Using the entries below, write out the line with "Tazama hapo chini", the line with "おすわりをしてお利口さんに全身洗うことができました🐶", and every line in between, exactly as each is written.

→ The data
★ ★ ★
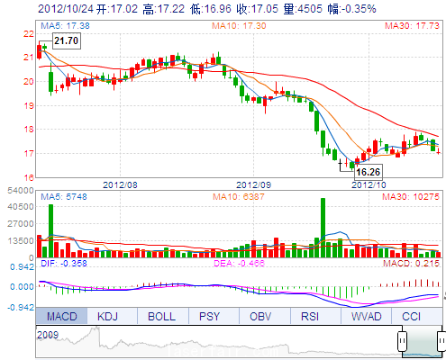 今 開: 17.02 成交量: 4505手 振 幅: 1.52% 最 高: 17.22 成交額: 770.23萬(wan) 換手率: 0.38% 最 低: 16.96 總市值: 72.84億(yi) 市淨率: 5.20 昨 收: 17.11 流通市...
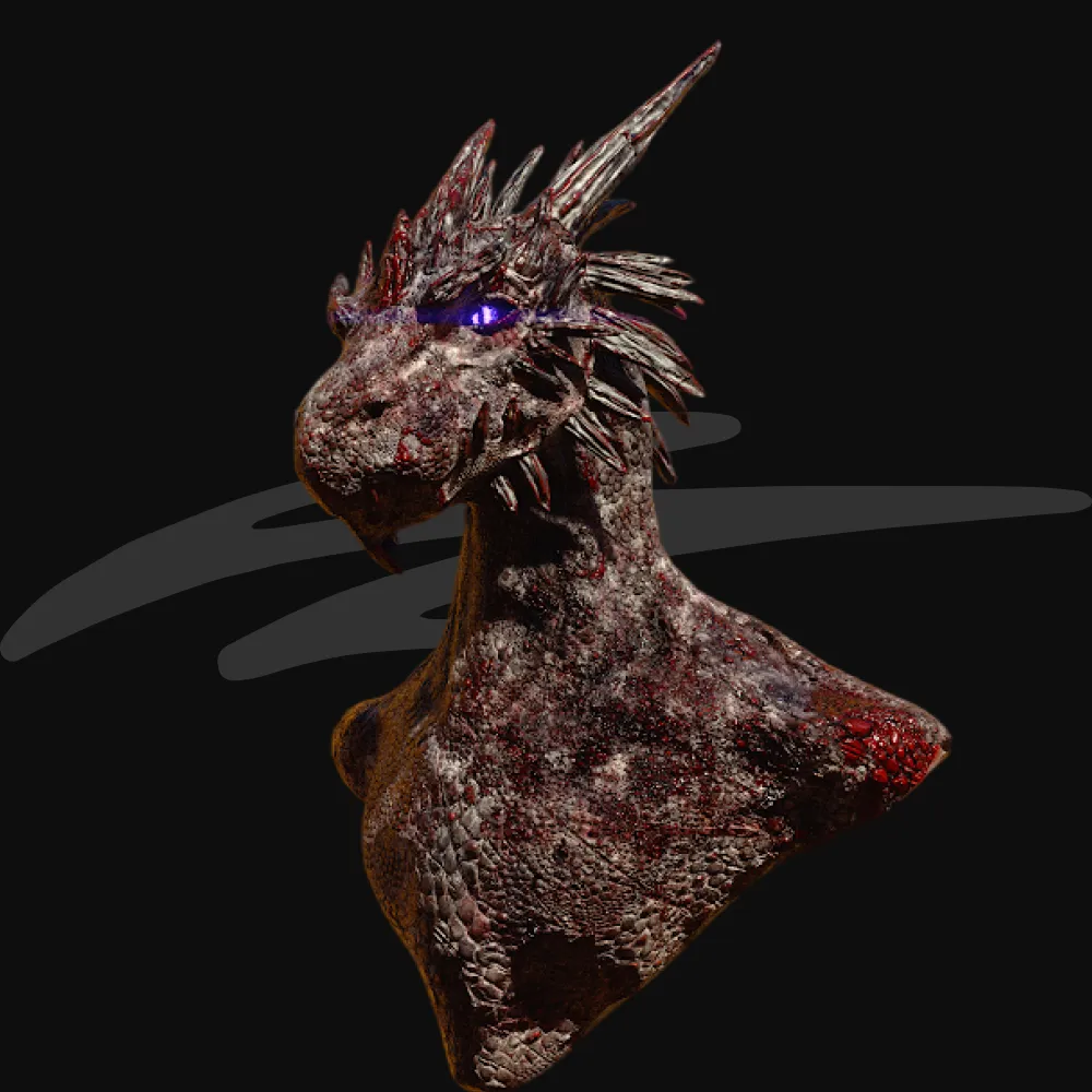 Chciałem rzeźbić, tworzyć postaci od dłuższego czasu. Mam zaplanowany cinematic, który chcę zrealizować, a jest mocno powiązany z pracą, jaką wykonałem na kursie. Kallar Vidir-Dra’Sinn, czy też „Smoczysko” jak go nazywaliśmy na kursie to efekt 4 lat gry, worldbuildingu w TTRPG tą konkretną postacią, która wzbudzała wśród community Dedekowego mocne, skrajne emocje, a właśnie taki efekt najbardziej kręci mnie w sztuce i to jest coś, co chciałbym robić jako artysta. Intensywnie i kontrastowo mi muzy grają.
★ ★ ★
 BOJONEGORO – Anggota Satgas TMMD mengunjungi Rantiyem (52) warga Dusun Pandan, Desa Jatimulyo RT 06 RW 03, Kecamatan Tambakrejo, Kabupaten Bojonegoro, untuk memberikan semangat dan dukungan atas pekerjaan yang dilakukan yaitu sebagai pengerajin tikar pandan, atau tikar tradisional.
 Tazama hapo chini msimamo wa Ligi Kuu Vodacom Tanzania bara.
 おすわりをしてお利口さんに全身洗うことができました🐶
★ ★ ★
→ Solution for this exercise
 Tazama hapo chini msimamo wa Ligi Kuu Vodacom Tanzania bara.
 おすわりをしてお利口さんに全身洗うことができました🐶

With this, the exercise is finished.